This is commonly known as “heat mapping”—an illustration of this being given in Exhibit 4.1. An assessment can then be made as to the potential and plausible outcomes where we need to revise our contingency planning. This would be based on our not being comfortable with the likelihood of the risk crystallizing, or the impact if it does, or a combination of both measures.
Exhibit 4.1 Conducting the scenario analysis
Source: Author’s own.
If we can quantify the measures of likelihood and severity, we can then take the product of these for an “expected loss” style approach to prioritization. An alternative qualitative approach which has been seen to work well is to use the dimensions of impact and level of control/mitigation—the idea here being we focus on high-impact risks we can actually control. An unfortunate by-product of this approach is the potential identification of risks of high impact that we cannot easily control or mitigate—where these are identified it probably results in sleepless nights for the risk manager concerned.
Both approaches are two-dimensional, which lends them well to graphical representation. Practically, anything more complicated may become difficult to interpret, but the ideal metric for prioritizing risks probably includes at least likelihood, severity, reputational impact, level of control/mitigation, and time horizon.
Stress Testing and Credit Risk
The scenario plan/analysis approach lends itself very well to operational risks, where there are many possible causes and typically we cannot use a model-driven approach to evaluate impacts or mitigation. Indeed stress testing, or the taking of a single risk from a continuum to an extreme value, is currently rarely undertaken in operational risk areas.

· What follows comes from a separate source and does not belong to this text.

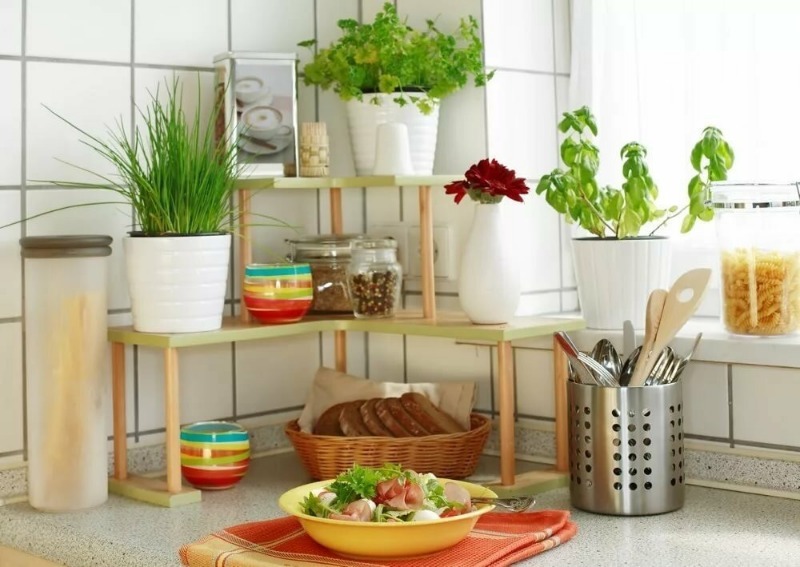 These plants will withstand the temperature and humidity changes that occur in the kitchen, and will add live colors to the interior. Place large plants on the floor, so they visually increase the height of the room. Small bushes - on shelves, in hanging pots and on window sills.

The scenario analysis style of approach, however, can also be applied to credit risk. In this area, we would typically be able to be more quantitative in our approach, as we have numbers available relating to exposures, limits and, hopefully, probabilities of default all driven off external ratings or internal models. The exercise in its simplest form would proceed as mentioned earlier, though expert judgment would be used to predict the global impacts of the event in question and then these impacts would be considered from the perspective of their influence on the bank.

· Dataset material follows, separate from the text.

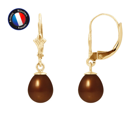 PERLINEA- Boucle d'Oreilles- Perles de Culture d'Eau Douce- Diamètre 8-9 mm Black Tahiti- Bijou Femme- OrJaune -

It is possible that a little more mathematics would be used here, as compared to the previous example. For example, if the event is (as mentioned earlier) an outbreak of avian flu transmitting to humans, we may use expert judgment (typically involving an economist as well as colleagues in credit risk) to predict the impact on a number of macroeconomic factors, such as employment rate, exchange and interest rates, property price indices, and so on. It is worth noting that a shift in one of these macroeconomic variables will typically produce a twist in the risk variables.
Stress testing for credit risk is rather different in its approach and its objectives. Currently, firms typically look at the impact of a single credit rating downgrade across the entire credit portfolio, with the ultimate stress being perhaps two credit downgrades right across the risk spectrum. This is really not a very realistic approach to stress testing and, while it does produce some interesting information, it is difficult to really interpret. At its most basic level, things do not really go wrong like that, so a one credit rating drop for all credits is really not a plausible scenario.
Another approach would be to consider the impact of a single variable upon the overall book of credits. Here you would isolate a single variable and then apply the stress event to that variable.
If you were, for example, to stress employment rate in a retail portfolio this would typically have a much greater effect on the probability of default (PD) for lower credit grades than for the better credits in the portfolio.
Consider the case, however, of wholesale portfolio, premium goods manufacturers. These firms would potentially be insulated against changes in this employment rate when compared to those manufacturers whose products are goods pitched at a section of the population more susceptible to changes in the employment rate.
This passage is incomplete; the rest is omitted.